**Directions for this task**
Exactly as they stand, repeat the lines from the one containing "清遠(yuǎn)市自然生態(tài)區(qū)管理處2017年預(yù)算情況" through the final line of the listing, both ends included, and nothing else; skip the pictures.

**Input data**
Content starts
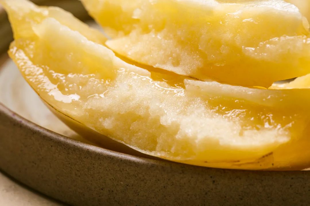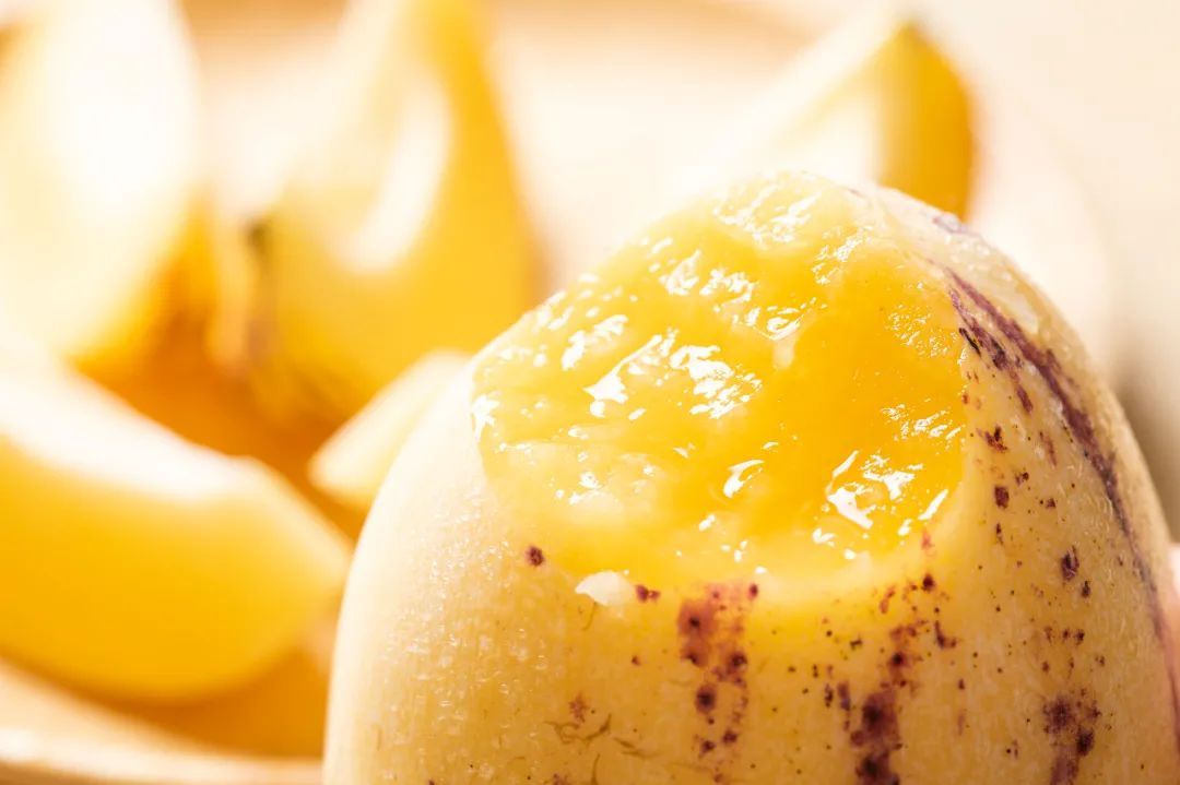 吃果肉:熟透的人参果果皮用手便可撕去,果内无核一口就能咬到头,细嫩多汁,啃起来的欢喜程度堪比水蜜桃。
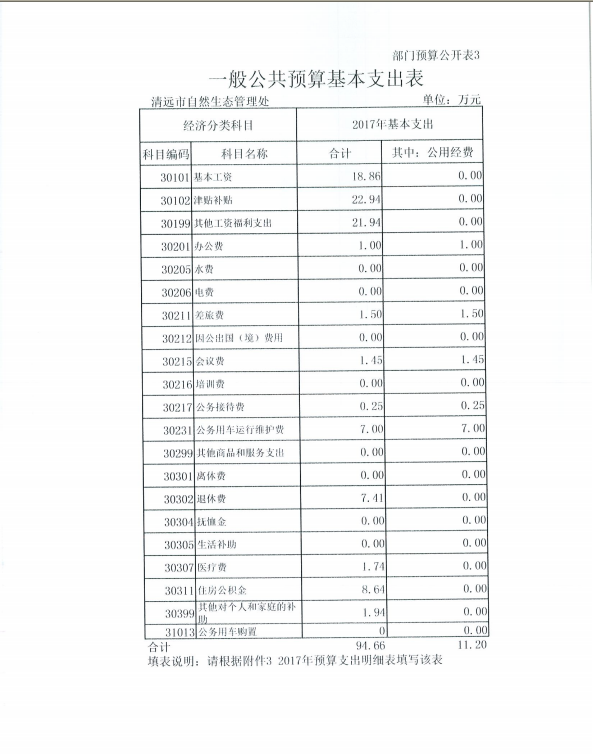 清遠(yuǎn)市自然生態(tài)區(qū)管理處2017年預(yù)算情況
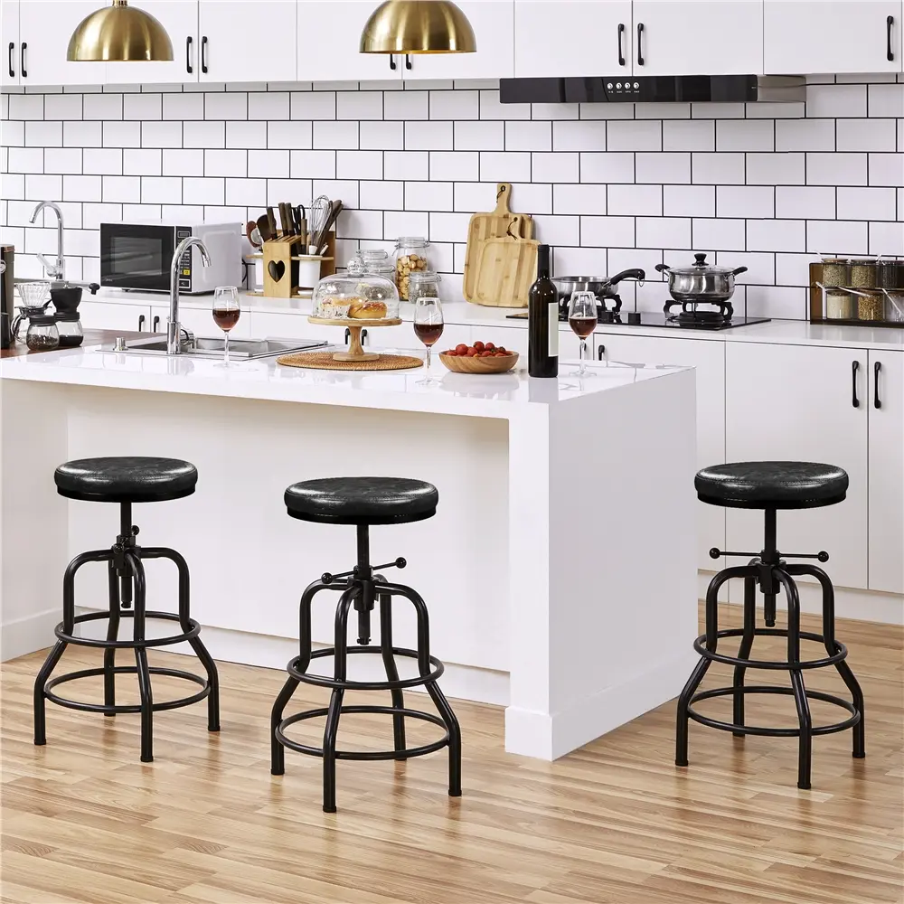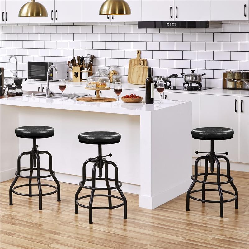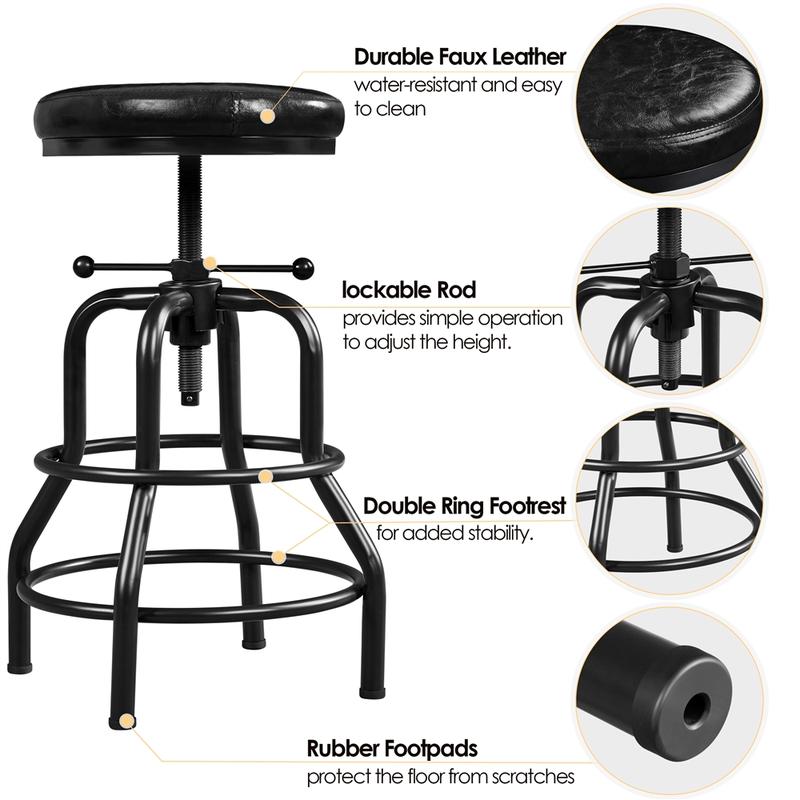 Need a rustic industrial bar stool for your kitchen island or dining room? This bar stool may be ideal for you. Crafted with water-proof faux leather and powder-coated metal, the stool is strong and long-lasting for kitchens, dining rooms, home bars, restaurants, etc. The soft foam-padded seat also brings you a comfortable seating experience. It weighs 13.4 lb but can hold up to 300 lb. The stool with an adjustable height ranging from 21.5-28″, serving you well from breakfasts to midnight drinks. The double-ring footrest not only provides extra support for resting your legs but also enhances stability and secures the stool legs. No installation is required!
Content ends
**Task answer**
 清遠(yuǎn)市自然生態(tài)區(qū)管理處2017年預(yù)算情況
 Need a rustic industrial bar stool for your kitchen island or dining room? This bar stool may be ideal for you. Crafted with water-proof faux leather and powder-coated metal, the stool is strong and long-lasting for kitchens, dining rooms, home bars, restaurants, etc. The soft foam-padded seat also brings you a comfortable seating experience. It weighs 13.4 lb but can hold up to 300 lb. The stool with an adjustable height ranging from 21.5-28″, serving you well from breakfasts to midnight drinks. The double-ring footrest not only provides extra support for resting your legs but also enhances stability and secures the stool legs. No installation is required!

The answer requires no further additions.